Shanghai's new tax rebate policy, which is reserved for low- and mid-income families, has offered financial aid to 606 households in its first month, the local housing authority said yesterday.
Effective on December 1, the policy offers tax rebates to families buying apartments costing less than 250,000 yuan (US$30,120), or smaller than 90 square meters and priced below 3,500 yuan per square meter. It is valid for purchases from June 1, 2003 to May 31, 2008.
The policy allows the targeted families to get up to a 15 percent rebate in the property value of the first home they buy.
Jointly drafted by the Shanghai Housing and Land Administrative Bureau and Shanghai Finance and Taxation Bureau, the new tax policy spells out clearly the definition of low- and mid-income families in a bid to exclude the rich from benefiting from the tax rebate.
In 2003, for instance, the criterion was that the annual income of the family should be below 13,250 yuan per capita.
The city's average disposable income was 14,867 yuan per capita last year, one of the highest in the country but not high enough to keep up with Shanghai's soaring housing prices. By the end of last year, Shanghai's average housing price was up to 6,000 yuan per square meter.

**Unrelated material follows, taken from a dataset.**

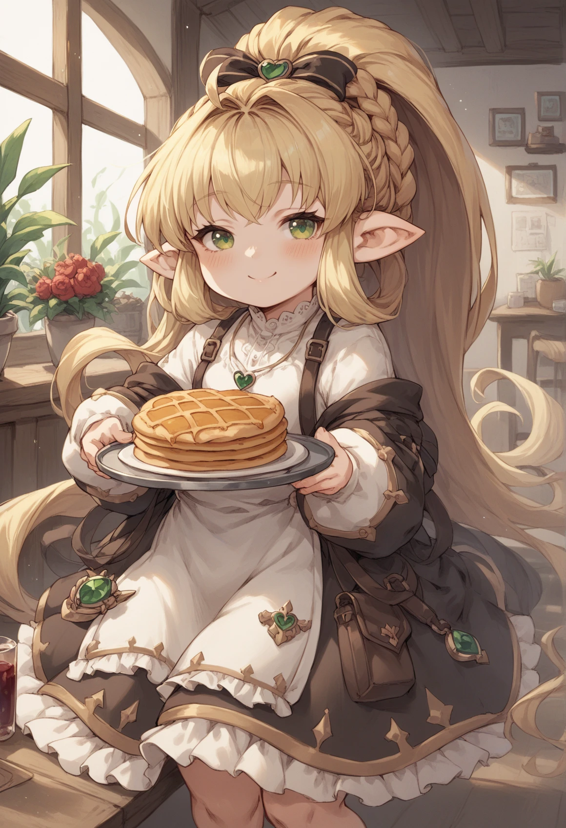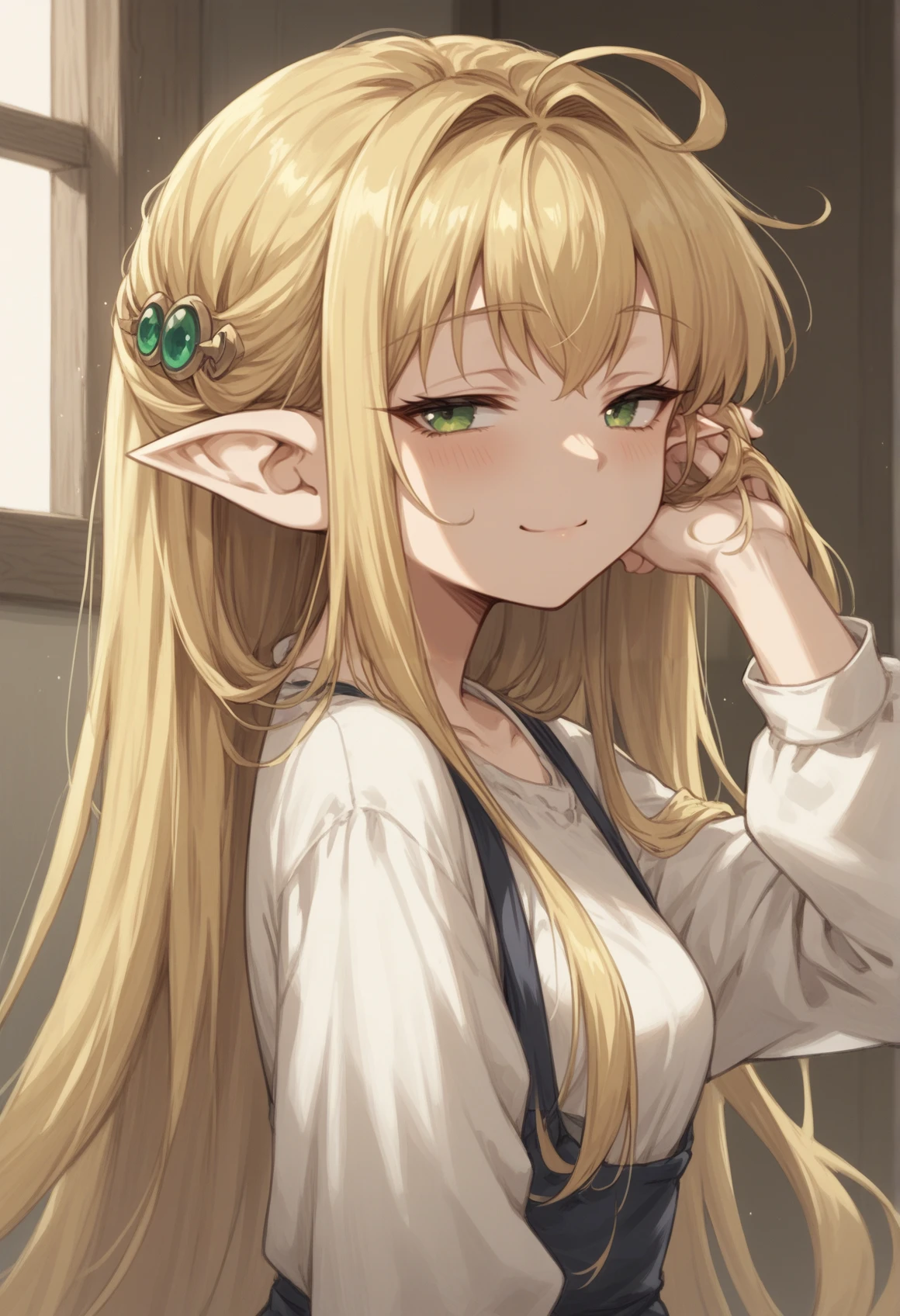 Ok, here is my shot, There are two variants1; Absurdly Long Hair, blonde hair, green eyes, pointy ears, shortstack, dress, sleeveless, brown shawl, bracelets + whatever context you want2; Absurdly Long Hair, blonde hair, green eyes, pointy ears, shortstack, dress, long sleeves, medallion, braid, ponytail, hair ribbon + whatever context you wantIf you want her more slender and less...hobbit, then do not include shortstack (I put a comparison on the last two images)Description

The 606 families bought apartments totaling 32,284 square meters costing 121.4 million yuan last month, the housing bureau reported.
With relatively lower housing prices, Baoshan, Pudong and Minhang districts saw most applicants among the city's 18 districts and one county - more than 77 families - applying in the first month. No family in Jing'an District got tax rebate.
The policy required that the family applying for the tax rebate should not have bought a residential property in Shanghai, even budget homes, before.